Голос мой звучал обиженно-агрессивно, но поделать с этим я ничего не мог: сначала собаки, теперь еще и брат Пон норовит меня покусать, а ведь день так здорово начинался!
– Очень хорошо, – сказал монах. – Ты – это ломоть мяса, обтянутый кожей. Наполненный кровью, нечистотами, соплями и прочими видами слизи, кусками кости, хрящами и жилами. Такому объекту на самом деле может угрожать другой объект такого же примерно типа, снабженный острыми зубами, который мы именуем «собакой». Повредить твой разум или твои чувства она не может… ведь так?
С последним утверждением спорить я не мог, но картинка, нарисованная братом Поном, мне не понравилась – неприятно видеть себя куском мяса, не говоря уже о нечистотах внутри, о которых как-то не принято упоминать в приличном обществе.
– И пока ты воспринимаешь себя таким образом, пока ты видишь себя огрызком плоти с четкими границами, ты постоянно будешь в опасности, ведь этот ломоть мяса так хрупок, так уязвим. Острая веточка – и нет глаза, попавший под ногу камень – и сломанное бедро, крохотный паразит внутри – и такую гладкую кожу уродует короста…
– Но разве можно видеть себя иначе? – воинственно поинтересовался я.
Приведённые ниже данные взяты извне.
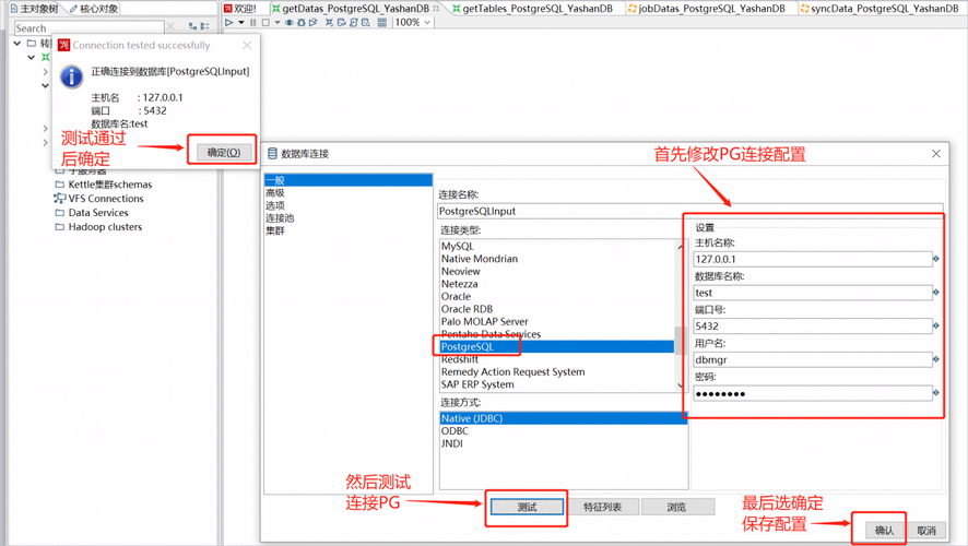 6、修改getDatas_PostgreSQL_YashanDB的DB连接PostgreSQLInput,连接类型使用PostgreSQL,然后输入PostgreSQL的主机地址、数据库名字、端口号、用户名和密码,点击“测试”,测试通过后选择“确认”。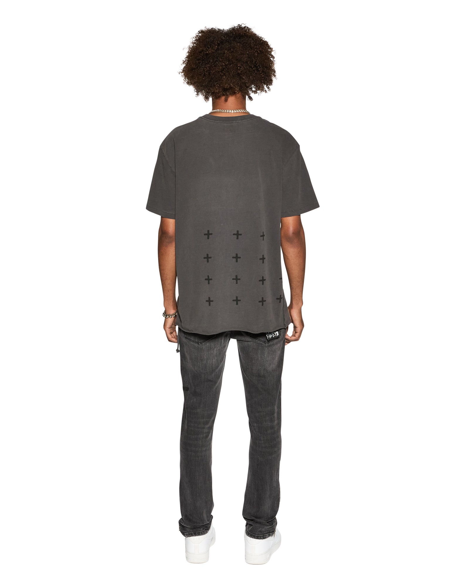 The Vandals Biggie Ss Tee Faded Black is an oversized short sleeve t-shirt made from a premium cotton blend in a faded black. This style features a raw cut back hem. Ksubi dollar sign embroidery and signature T-box branding.
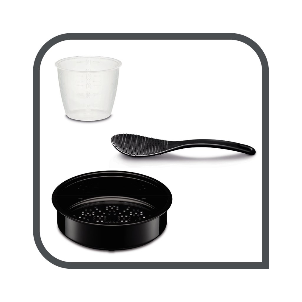 Il suffit d'appuyer sur un bouton pour que le cuiseur à riz cuise le riz parfaitement mou et le garde chaud jusqu'au moment de le servir. 3 programmes. Il permet de cuire différents types de riz, de céréales et de cuire à la vapeur une variété de plats. L'emballage comprend un panier à vapeur, une cuillère à riz, une tasse à mesurer. Les parties amovibles vont au lave-vaisselle. |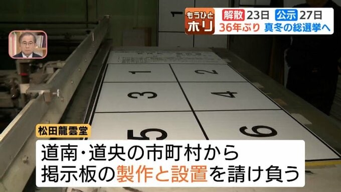 「森町のこちらの看板店では、選挙で使う掲示板の印刷作業が行われています」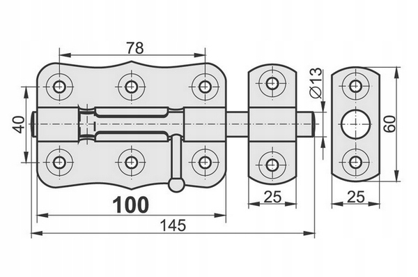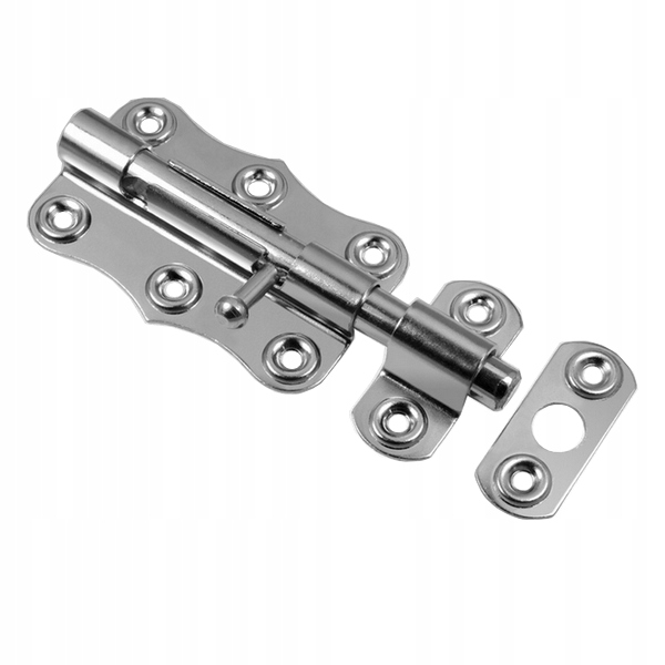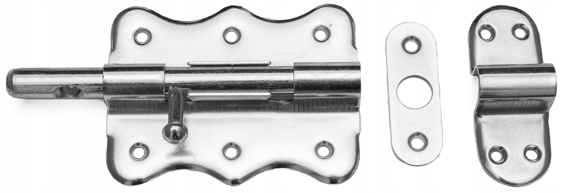 Zasuwka uniwersalna w ocynku srebrnym. Najczęściej stosowana jako zamknięcie dodatkowe do lekkich drzwi, szafek i mebli.
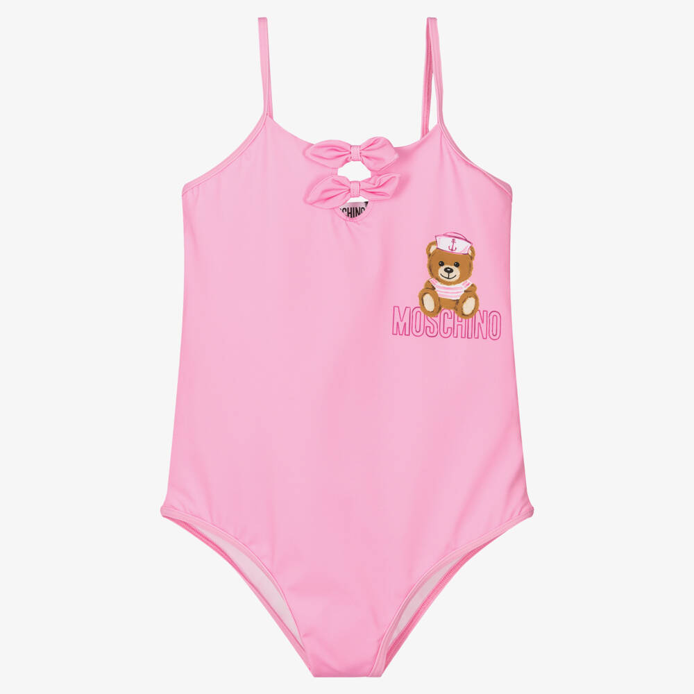 Bubblegum pink swimsuit for teen girls by luxury Italian designer Moschino Kid-Teen. Ideal for making a statement on the beach or poolside, it has a beige, nautically-inspired Moschino Teddy Bear logo on the front. Silky and stretchy, it is fully lined for comfort and has pretty bow detailing on the front.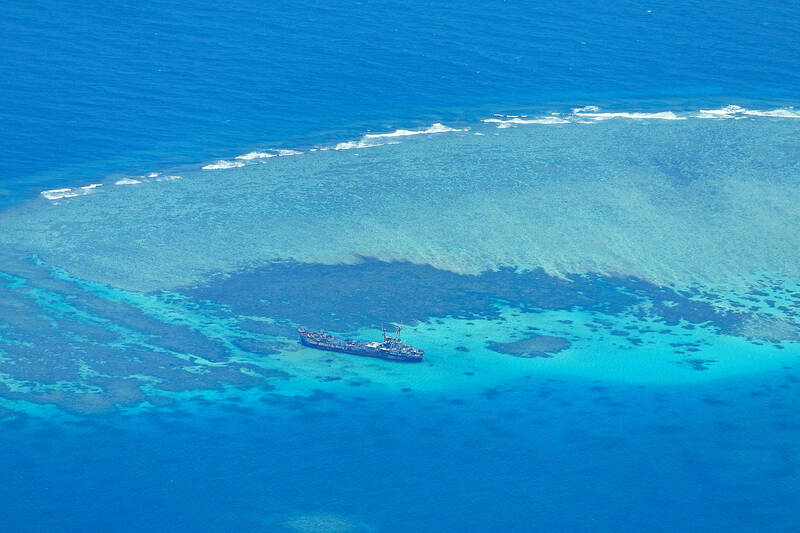 Its claims include the waters around Scarborough Shoal (Huangyan Island, 黃岩島) — which Beijing seized from Manila in 2012 — where the Chinese People’s Liberation Army’s Southern Theater Command yesterday said it held air and sea patrols.

– Конечно. Ты – это поток восприятия, вечно текучий, изменчивый, пластичный. Тело, которым ты так гордишься, всего лишь один из его компонентов, не набор деталей, а струя телесных ощущений, которые обновляются каждое мгновение: движение мускулов, ток крови, биение сердца, дыхание, нечто воспринимаемое глазами, ушами, обонянием или осязанием… там чешется, здесь болит, что-то упирается в бок, кусает комар, в животе приятная тяжесть от съеденного – все это единое целое, и все это реально.